A whole-house fan is home ventilation taken to the highest level. These powerful ceiling-mounted fans make your entire home the vent, inducing a strong negative pressure inside the house that draws fresh outdoor air in through open windows while exhausting stale indoor air out through attic vents. When a unit is idle, insulated louvers automatically close to prevent cooling or heating loss.
- While they can’t completely replace air conditioning, in climates like Baltimore with temperate nights and mornings, these major air movers keep homes comfortable all night with a wind chill effect of fresh, cool air in motion. In the morning, they may delay cranking up the A/C by several hours, as well.

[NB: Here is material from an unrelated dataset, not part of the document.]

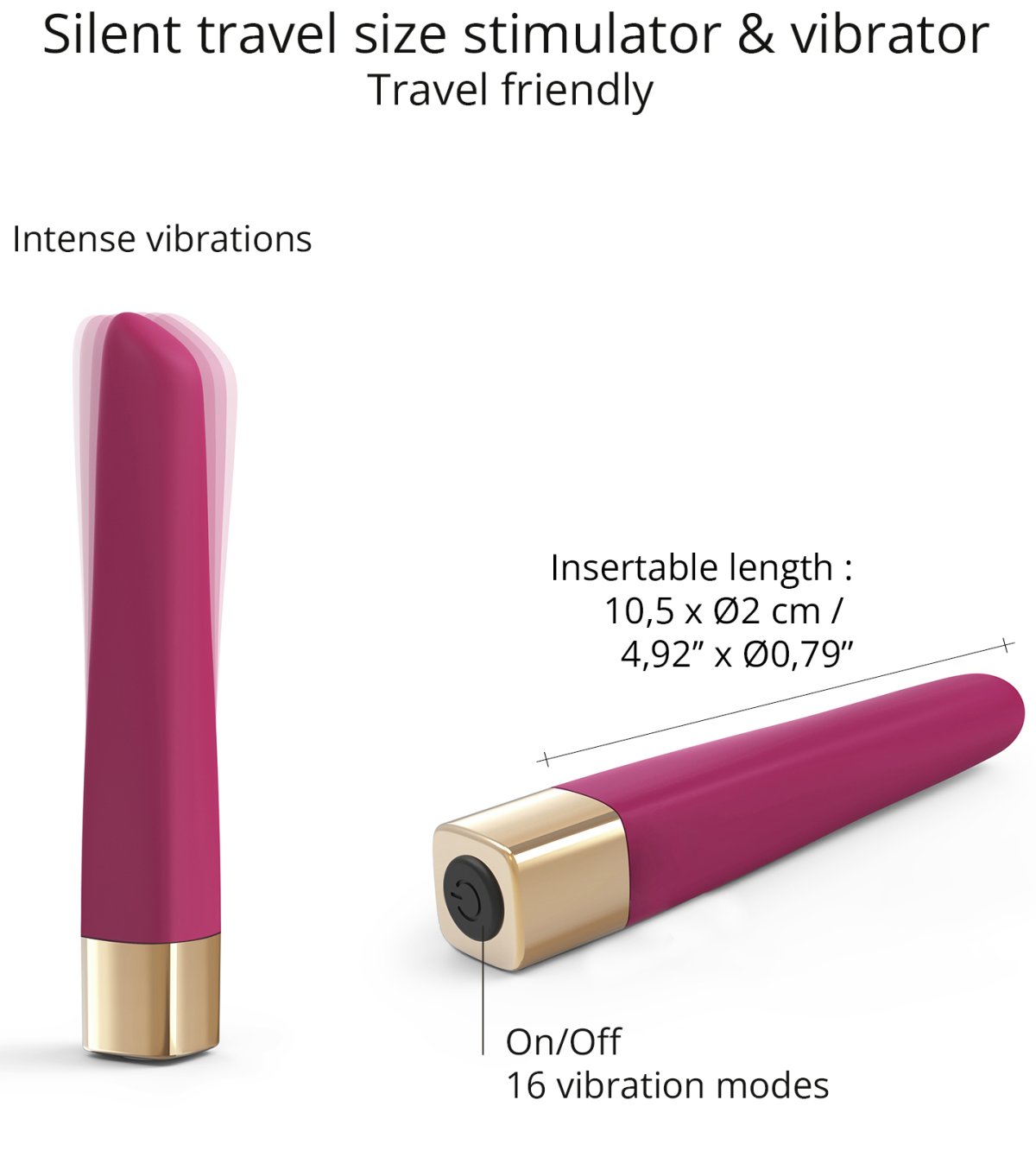 Mini vibrátor Delight Me má cestovní velikost, takže ho můžete mít pořád u sebe. Vibrace jsou silné a hluboké a příjemně tiché.

- While a typical residential cooling system draws about 3,500 watts of electricity, the average 1/4- or 1/2-horsepower whole-house fan consumes only 120 to 600 watts, depending on the speed setting. For every hour you can stay comfortably cool with whole-house ventilation instead of air conditioning, you’re both saving money and conserving energy resources.
- Indoor air quality also benefits from the whole-house approach. In today’s tightly-sealed, energy efficient homes, air stagnates and indoor pollutants and humidity accumulate. The power of whole-house ventilation rapidly flushes the entire interior of the home, purging stale air and water vapor and renewing your indoor environment.
Whole-house fans are available in both direct-drive and belt-driven models. Rated by cubic feet per minute (CFM) of air movement, when properly sized, a fan should turn over the entire household air volume every two to three minutes. The general sizing formula for a residence with 8-foot ceilings is to multiply total square footage by three, and then select a whole-house fan with a CFM rating closest to that figure. Following that example, a 1,500 square foot home would require a fan rated for 4,500 CFM.